I think that things are overcomplicated in your head; or at least biased by your personal background
Can we please stop with the implications that I'm not a C++ developer? I've been using C++ for something like 18+ years now. It doesn't really add to the conversation, all it does is make it easy to dismiss anything I say, and that isn't fair to me.
Of couse I could use shared ownership between user and sf::Sprite, but that would involve to manipulate sf::Texture instances through pointers and to allocate them on the heap. That would be a pretty bad design for C++; it would be ok for garbage collected languages.
That's disingenuous. At the end of the day, that texture is sitting on the vid card, and what you have is an OGL handle referencing it. You could just as easily have passed that handle around via copy constructors and treated the Texture class as a glorified strong reference that indicated to the OGL driver it should be destroyed when there were no more references.

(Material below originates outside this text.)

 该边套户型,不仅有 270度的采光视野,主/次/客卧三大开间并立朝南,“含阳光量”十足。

Thinking about it, is that why you keep implying my background is GC'd languages? I don't believe that usage pattern would be foreign to any C++ developer with even a little bit of experience, or I should say I hope not. These types of mechanisms are why I'm able to tell people that if they're manually managing memory in modern day C++, they're either working really close to the hardware, or they're not using C++ optimally.

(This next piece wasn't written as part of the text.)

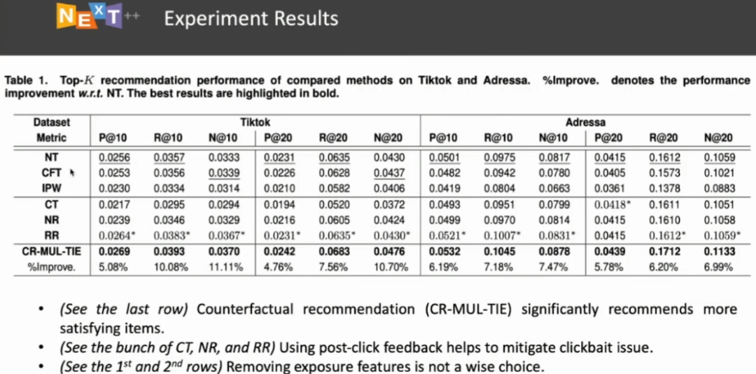 冯福利博士进行的一系列实验为我们带来了以下启发:(1)对于有偏的模型来说,只需通过简单的反事实推理操作,就可以有效实现纠偏,得到明显的性能提升。(2)引入用户在点击物料之后的反馈情况有助于消除「标题党」偏差,在反事实推理中需要考虑用反应用户体验的行为。(3)根据图 16 第一行、第二行的结果,单纯地将导致偏差的因素减掉(例如,曝光特征),并不是明智的选择,模型的性能会有所下降。这是因为曝光特征等因素还是可以在一定程度上反映出用户的兴趣。

But I find myself managing the textures much like I would a raw pointer. In C++.
And I want to be clear, I'm not saying you should have done it this way. Pros and cons to everything, the approaches I'm referring to have downsides as well. Slightly larger memory consumption depending on how they're implemented, possible issues in multi-threaded environments, possible performance implications due to the larger size of the objects, and so on.
But your approach has definite downsides too. expensive copy, manually having to track the lifetime of the texture objects or risk running into a 'dangling pointer'-esque issue, possible multi-threaded issues, and so on.
But I think citing RAII is misguided.
Ultimately it's a question of value semantics vs reference semantics. I would have expected reference semantics to the underlying texture, but I got value semantics, and it caught me off guard.
But whether you agree with me or not, I see no reason why you couldn't add a small blurb about that onto your code documentation to make it more explicit. From epxloiter's own mouth in the other thread I linked to, this is a common misconception for people new to SFML.